> _Work order_
The lines to copy run from the one containing "In the living" to the end of the listing. Please write them out exactly, minus the pictures.

++++++++++++++++++++

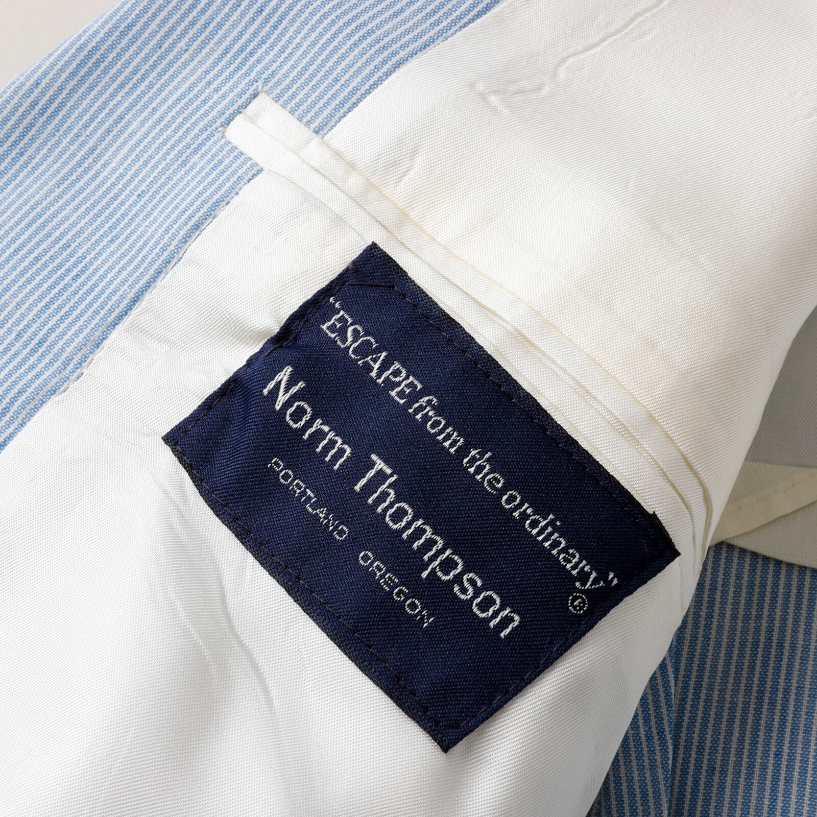 【未使用】70s Norm Thompson special cotton seersucker Jacket blazer about size38 made in USA dead stock / 70年代 ヴィンテージ コットン シアサッカー ジャケット 実寸サイズ38 M程度 アメリカ製 ブルー テーラードスタイル
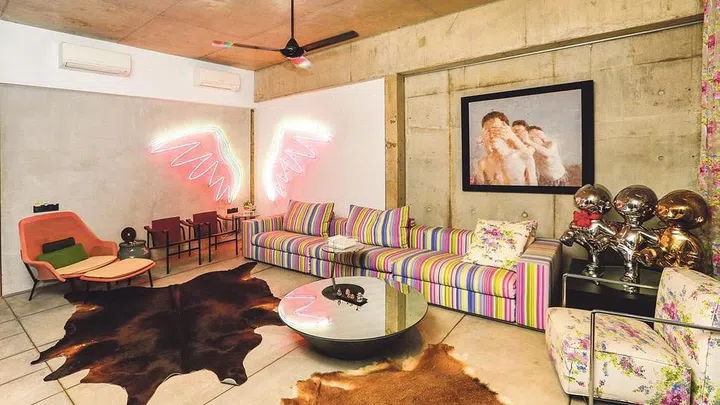 In the living room, the floral curtains are paired with a striped sofa in shades of pink, purple and green. In the corner of this room, there is a bespoke neon light installation of a pair of angel wings, which are lit up when there are guests.
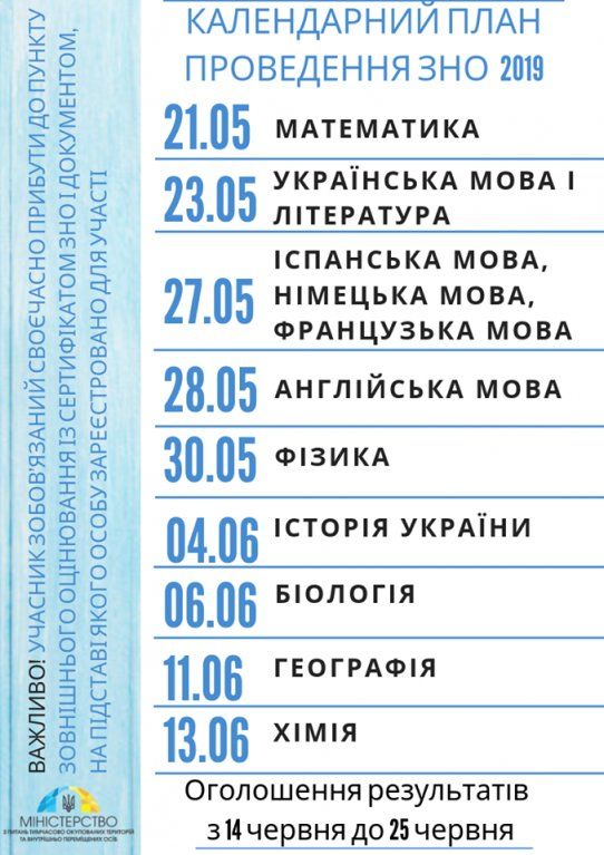 Министерство образования Украины разработало календарный план проведение внешнего независимого оценивания в 2019 году.
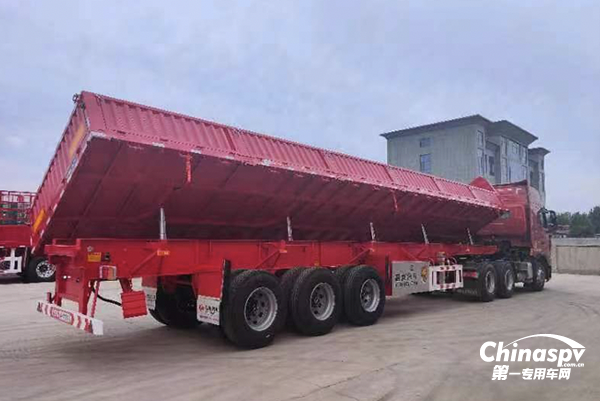 自卸半掛車是一種將自卸功能和普通貨運半掛車相結(jié)合的專用車型。它承載貨物的車廂能夠自動傾翻一定角度用于卸貨,所以具有節(jié)省卸料時間和勞動力,縮短運輸周期,提高生產(chǎn)效率,降低運輸成本等諸多的綜合優(yōu)勢。
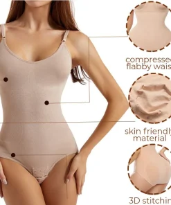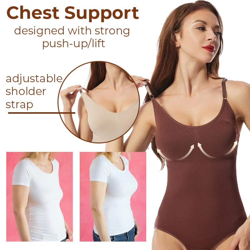 It has seamless sculpting material that can provide more compression to tighten your belly/waist and back to make your curve more sexy and slim. Perfectly flatten bulging areas with comfort. Giving you a smoother, slimmer hourglass curves immediately. It is easy to put on/off and comfortable to wear everyday! It has special advanced technology in chest area that avoid breast compression but it has lifting and support design. Fits for all cups with high elastic bust design. Lift chest for more attractive look and no more sagging.
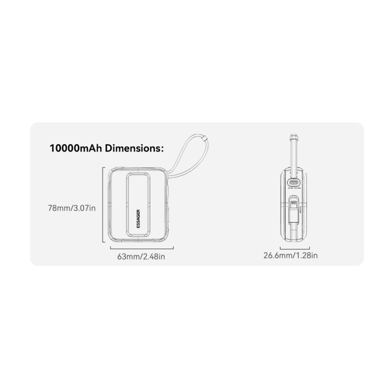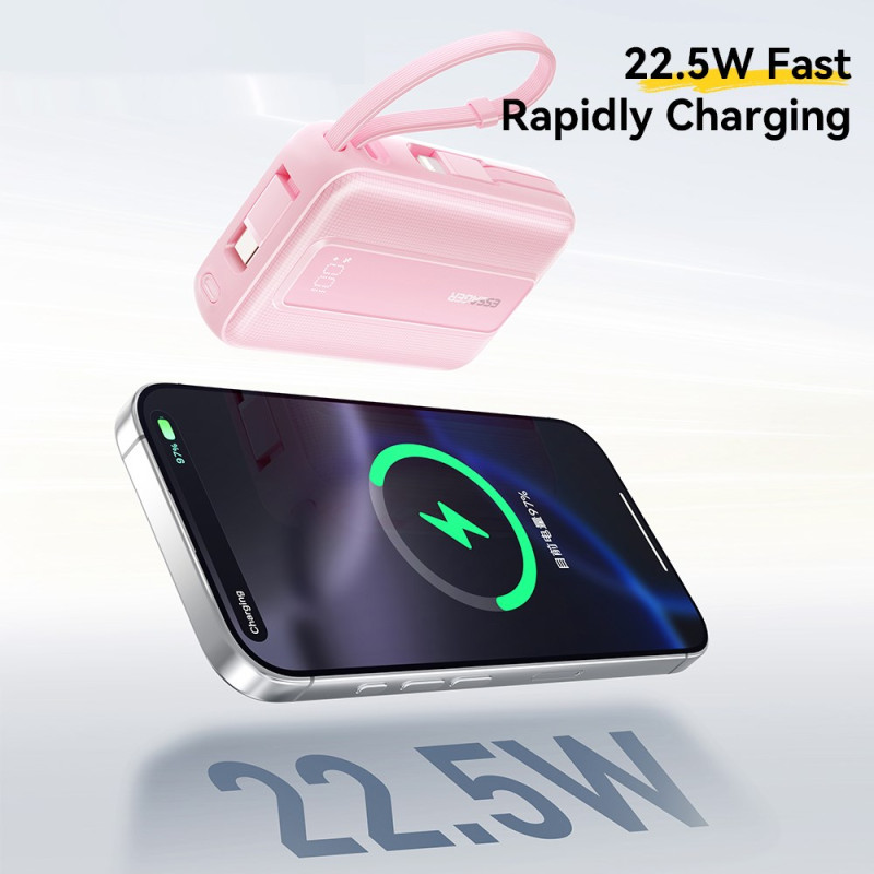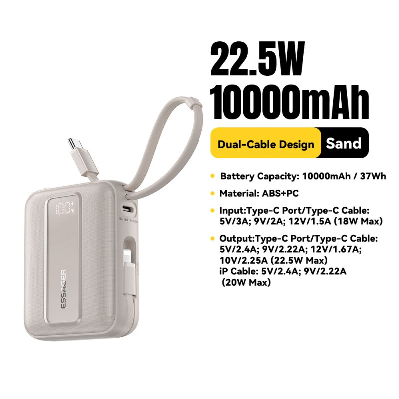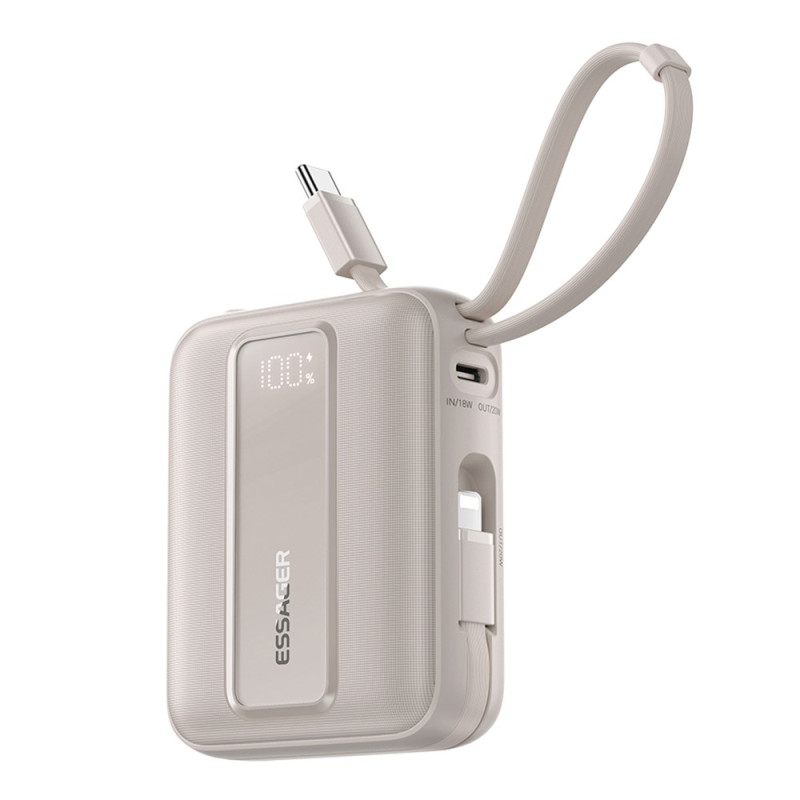 La gestión optimizada de tus dispositivos y la carga multiestándar ahora están disponibles en un formato compacto. Esta batería externa ESSAGER de 10000 mAh elimina el desorden gracias a la integración de cables Type-C y Lightning, lo que garantiza la compatibilidad universal. Ofrece hasta 22,5 W de potencia de carga rápida, lo que permite cargar hasta tres dispositivos simultáneamente. El sistema incorpora 7 capas de protección de circuitos y control inteligente de la temperatura para una carga segura y fiable. La pantalla digital inteligente proporciona un control claro y preciso de la duración de la batería. El sistema cumple las normas CE y RoHS, lo que demuestra su fiabilidad para el mercado europeo.
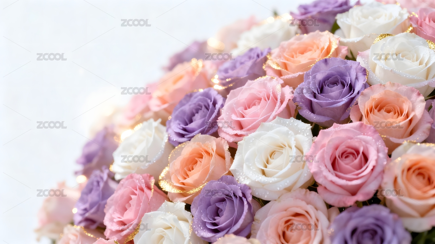 多彩玫瑰花束特写

++++++++++++++++++++

> _Solution to the problem_
 In the living room, the floral curtains are paired with a striped sofa in shades of pink, purple and green. In the corner of this room, there is a bespoke neon light installation of a pair of angel wings, which are lit up when there are guests.
 Министерство образования Украины разработало календарный план проведение внешнего независимого оценивания в 2019 году.
 自卸半掛車是一種將自卸功能和普通貨運半掛車相結(jié)合的專用車型。它承載貨物的車廂能夠自動傾翻一定角度用于卸貨,所以具有節(jié)省卸料時間和勞動力,縮短運輸周期,提高生產(chǎn)效率,降低運輸成本等諸多的綜合優(yōu)勢。
 It has seamless sculpting material that can provide more compression to tighten your belly/waist and back to make your curve more sexy and slim. Perfectly flatten bulging areas with comfort. Giving you a smoother, slimmer hourglass curves immediately. It is easy to put on/off and comfortable to wear everyday! It has special advanced technology in chest area that avoid breast compression but it has lifting and support design. Fits for all cups with high elastic bust design. Lift chest for more attractive look and no more sagging.
 La gestión optimizada de tus dispositivos y la carga multiestándar ahora están disponibles en un formato compacto. Esta batería externa ESSAGER de 10000 mAh elimina el desorden gracias a la integración de cables Type-C y Lightning, lo que garantiza la compatibilidad universal. Ofrece hasta 22,5 W de potencia de carga rápida, lo que permite cargar hasta tres dispositivos simultáneamente. El sistema incorpora 7 capas de protección de circuitos y control inteligente de la temperatura para una carga segura y fiable. La pantalla digital inteligente proporciona un control claro y preciso de la duración de la batería. El sistema cumple las normas CE y RoHS, lo que demuestra su fiabilidad para el mercado europeo.
 多彩玫瑰花束特写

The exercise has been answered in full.